No, I am not suggesting the XLE as a buy. Heck, it is filled with oil, gas, and consumable energy companies that are going to have problems for some time to come, save for natural gas, so going there is not a good idea.

No, I am suggesting you look at the NASDAQ Clean Edge Green Energy Index (CELS) for opportunity. It is sitting just about three points above its 52-week low, which it hit just last October. Yup, I suspect as US consumers begin to believe more and more in the idea that the US economy is picking up steam, they will begin to “invest” more and more in the now almost highly developed Green Industry.

  • U.S. consumer confidence rose in December to a near eight-year high, a sign that falling gasoline prices and expectations of a better job market could give a boost to the economy.

On top of money flowing out of consumable energy assets and into renewable energy resources, and into the Green Industry in general, as consumers feel better, money will flow just about everywhere else as well, which means planes, trains, and automobiles will all feel the warmth of that money flow, just as housing, retail, and every discretionary spending area will feel the warmth.
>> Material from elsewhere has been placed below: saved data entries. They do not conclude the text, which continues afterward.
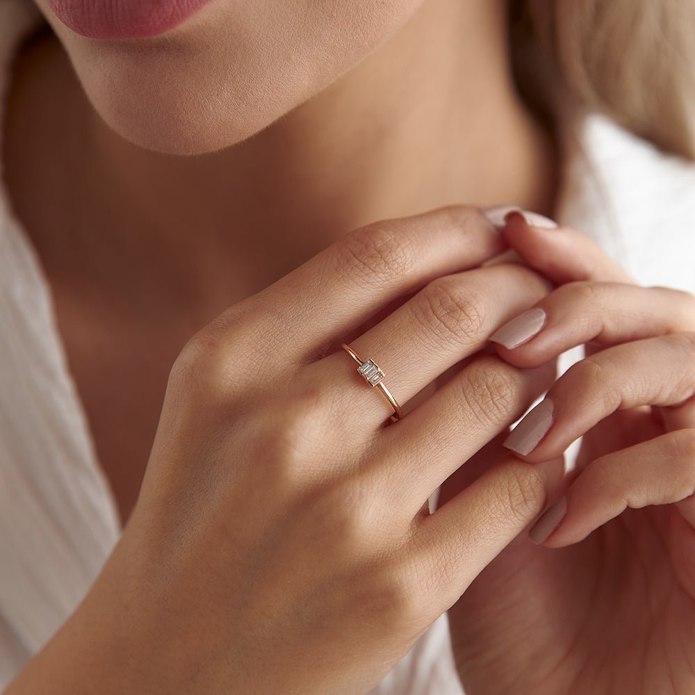 0.15 Karat Baget Pırlantalı Mini Yüzük - RNF0291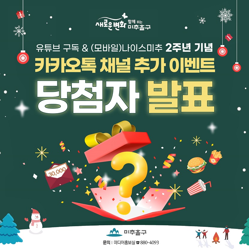 - 이벤트명: 모바일_나이스미추(카카오톡) 2주년 기념 채널추가 및 유튜브(미추홀릭TV) 구독 이벤트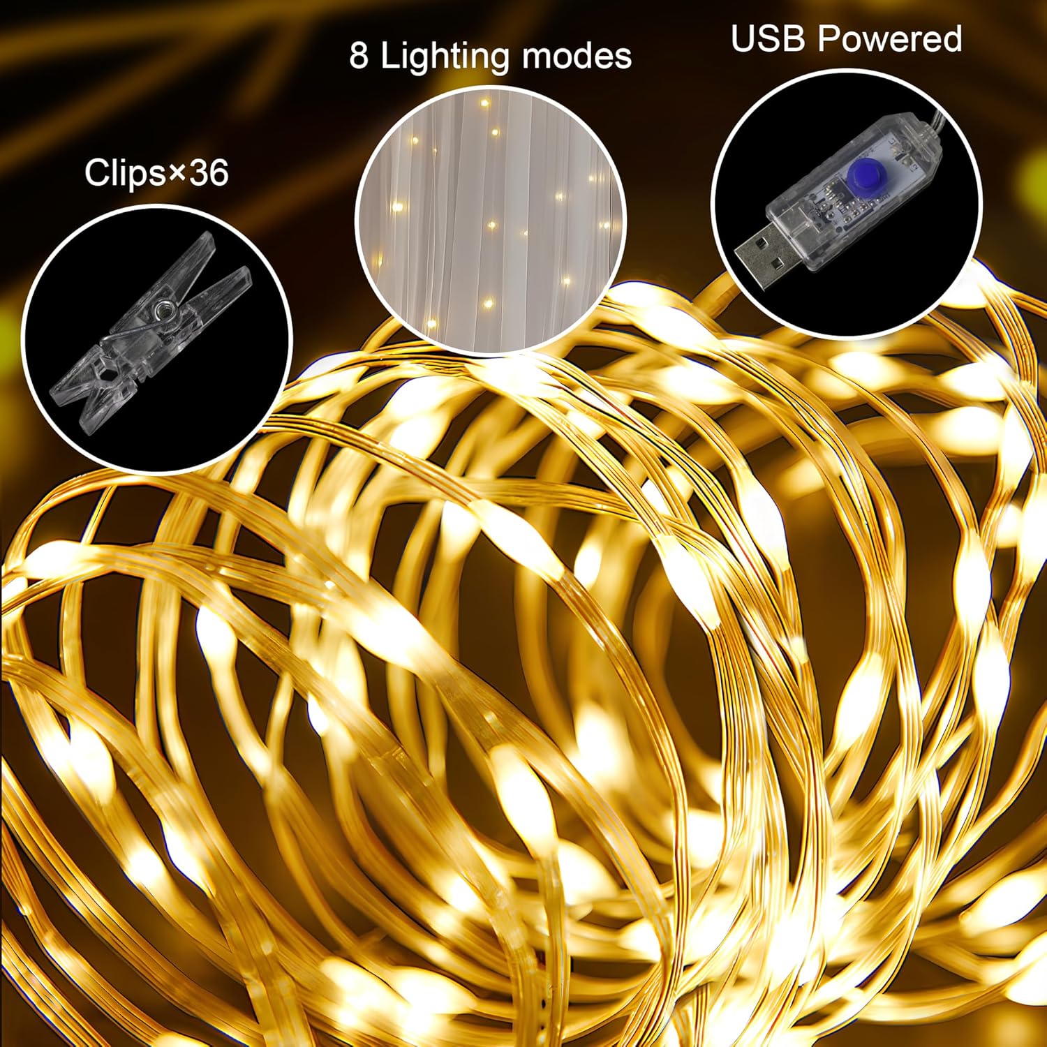 - Package Includes: The package includes 6 panels soft white curtain with lights, each panel tulle backdrop curtain size is 5FT width and 10FT height, a set of 10ft warm white string light (USB Powered) and 12pcs Transparent clips.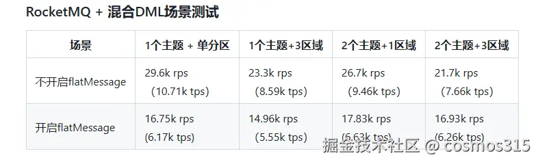 flatMessage模式,性能普遍比不开启flatMessage模式慢,主要就是protoobject的反序列化开销和小batch的发送成本,也就是说flatMessage是解析好的,而非flatMessage模式是没有解析好的message,相当于节约了一个步骤,发送到client端。后续可以通过更多的topic+分区追回。 (Message = List)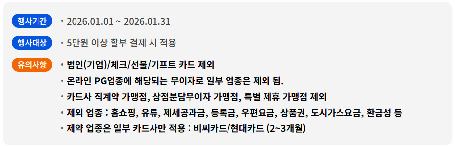 [안내] 26년 1월 카드 무이자 할부 안내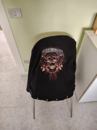 Chiodo in tessuto con stampa Hell Rider sul retro. - Stampa con teschio, ossa e catene. - Dettagli con borchie sul fondo. - Inserti regolabili sui fianchi.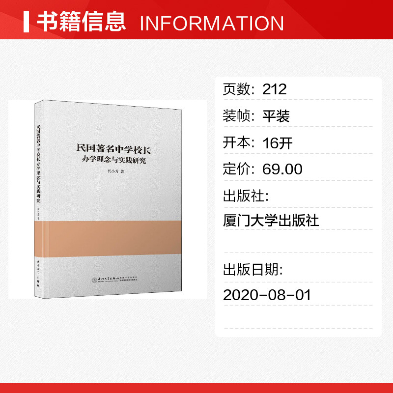 代小芳 书籍 厦门大学出版 正版 新华书店旗舰店文轩官网 社 民国著名中学校长办学理念与实践研究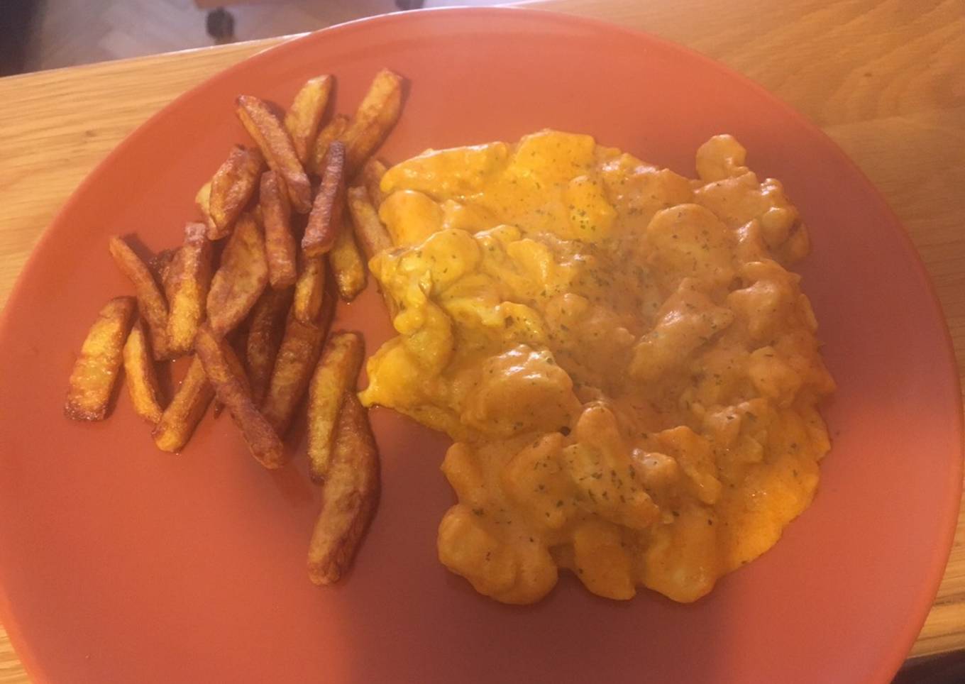 - Reservar el pollo, echamos el sofrito en la sartén, mezclamos con tomate frito y curry durante 2 minutos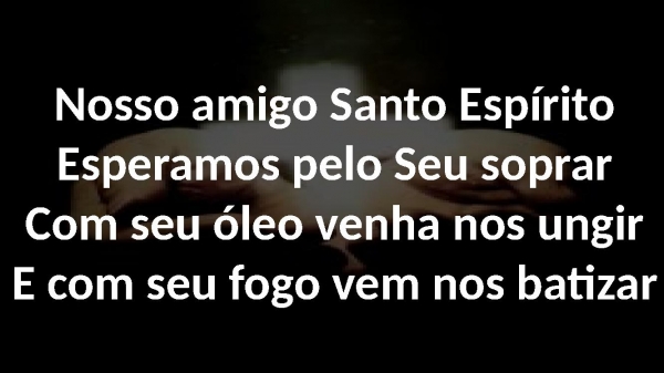 - Nosso amigo Santo EspíritoEsperamos pelo Seu soprarCom seu óleo venha nos ungirE com seu fogo vem nos batizar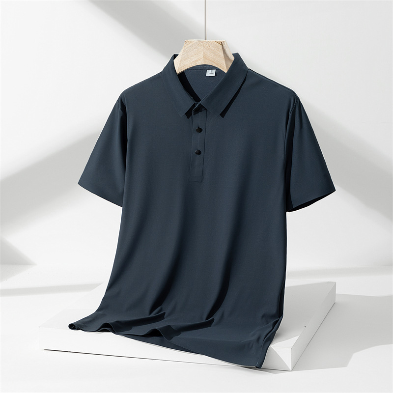 아이스 실크 심리스 폴로 셔츠 쿨 센스 남성용 여름 얇은 단색 청소년 슬림핏 비즈니스 캐주얼 라펠 티셔츠 남성용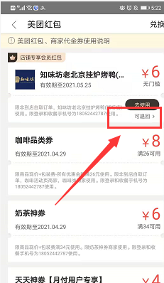 2、进入美团红包页面,能看到自己拥有的各种红包,选择你想退回的店铺红包,点击“可退回”。如图所示。

Don’t pay attention to the man behind the curtain. What you see today is not what is real. The market is reacting, overreacting, perhaps, to the hot wind of the breathless media, the need to stay in tune with the technical side of the market, a small fear of stupid politicians, the reality that oil is not going back up for a while, the need to rebalance, and year-end selling to book profit in 2014.

If you are long in this game, stay long. In fact, get longer if you can. Now is the time.

Oh! And what about those Kardashian sisters?